Bryan rubbed his chin, and Aidan could see that all the pieces of his case were finally falling into place. Oddly, he seemed to be having less of a hard time accepting it. Sirens grew louder in the distance.
“I’m going to take your statements now,” Bryan interrupted. “And then, Trent, take her home.”
Aidan told them everything that had happened from the time she left the restaurant to waking up chained to the wall. She told them exactly what the Russian had said to her, though left out her own part in the conversation. His words were just the ramblings of a psychotic without context. She told them he cut off her sleeve so he could see her arm burn in the fireplace, and that’s when Trent arrived. It was rather easy after that: since the suspect was dead, their conversation afterwards wasn’t part of the crime and didn’t need to be accounted for. A paramedic came in to look her over, but she explained away the blood on her arm as a bloody nose.
Since the killer drove Aidan’s car, it needed to be processed by the Crime Scene Unit, so she got in Trent’s car for him to take them back to the city. They remained quiet for most of the drive.
“Phoenix, huh?” he finally mumbled.
“I wanted to live as a human. There’s no place for the mythical bird in this world.”
“I could have spent the rest of my life with you and never really known who you are?”
Aidan swallowed the lump gathering in her throat. “I’ve never lied to you.”
“Amnesia,” he threw out.
“I took the form of an eleven-year-old. There was nothing before that to remember.” She looked over at him. “You have to understand that no one would believe me if I ever did tell the truth.”
Trent jerked the wheel and pulled over to the side of the road. His knuckles turned white in the vise-like grip he held on the wheel. “Yeah, I’m having a hard time with it myself.” He looked at her and shook his head. “But I know what I saw back there.”
“I meant it when I said that you were the best thing that has ever happened to me.” She wanted to reach out and touch him, but feared he’d recoil. “Ever. You’ve come the closest to truly knowing me.”
“Because I learned your secret?”
“No! Before that. I told you I loved dancing and you listened. I want to teach history, but before I met you, it was just a career to pass the time of this life. You made me see that it’s a part of who I am, that it could give me purpose. Two thousand years I’ve lived as a human and I couldn’t figure that out for myself?” Aidan shook her head. “The red bird is just a body. This,” she gestured to herself, “is just a body. Whether it’s this form or that one, I’m still these likes and dislikes, these feelings. I love Phoebe and Chris, and watching him die is tearing me apart. Yet, at the same time, being with you has given me a happiness I didn’t think possible. And I love you, more than—”

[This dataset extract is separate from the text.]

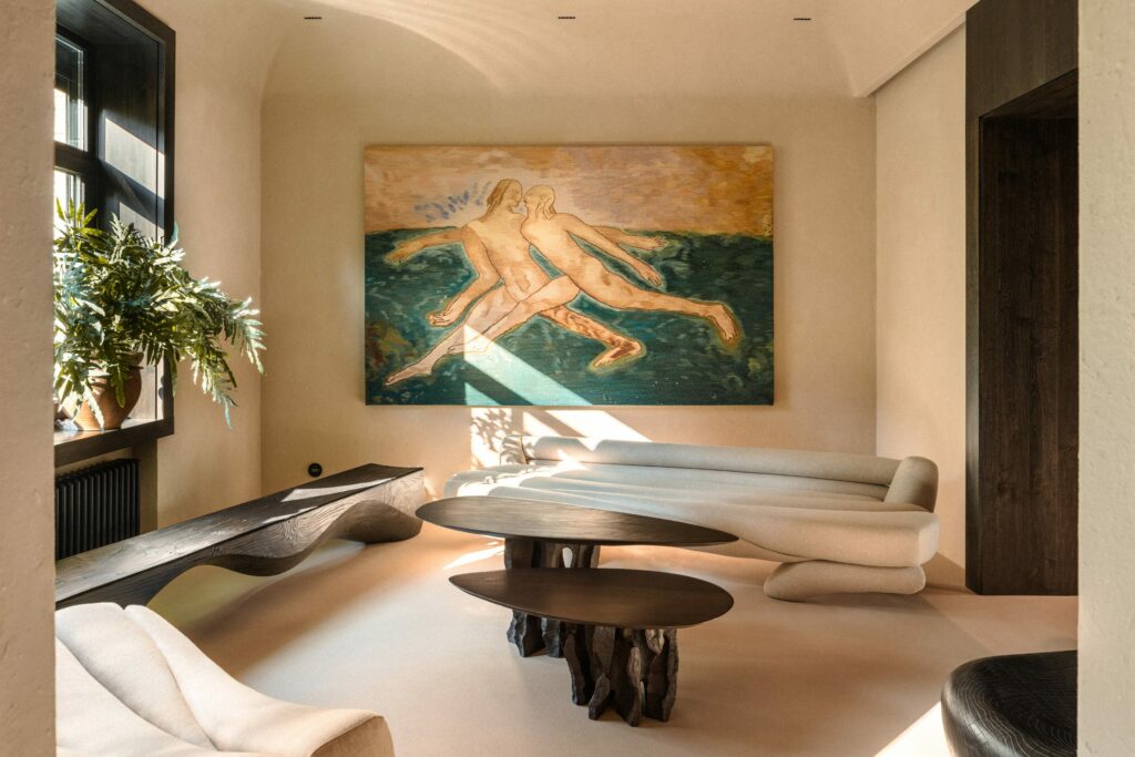 Không gian lễ tân mang tính điêu khắc rõ nét với bàn đá quartzite vân gỗ, ghế gỗ óc chó của Tetiana Krasutska và các tác phẩm gốm từ nhiều nghệ sĩ đương đại. Phòng tắm ở cuối hành lang gây ấn tượng với mảng tường gốm tạo hình giọt nước, đồng thời loại bỏ gương để khuyến khích sự tĩnh tâm – một chi tiết nhỏ nhưng giàu tính triết lý.

Trent reached over and wrapped his hand around the back of her neck, pulling her into him. He stopped her mouth with his. At first, she wanted to resist, wary of the thoughts running through his head as he pressed his lips hard against hers, almost to the point of pain, but she melted into him as she realized his embrace hadn’t changed, that his intensity was pure. He had been truly terrified of losing her back there. His touch didn’t feel anything like the frantic possessiveness of the Russian.
“I love you,” he breathed, and reached up to cradle her face in his hands. His gentle touch contrasted starkly with the ferociousness of his need.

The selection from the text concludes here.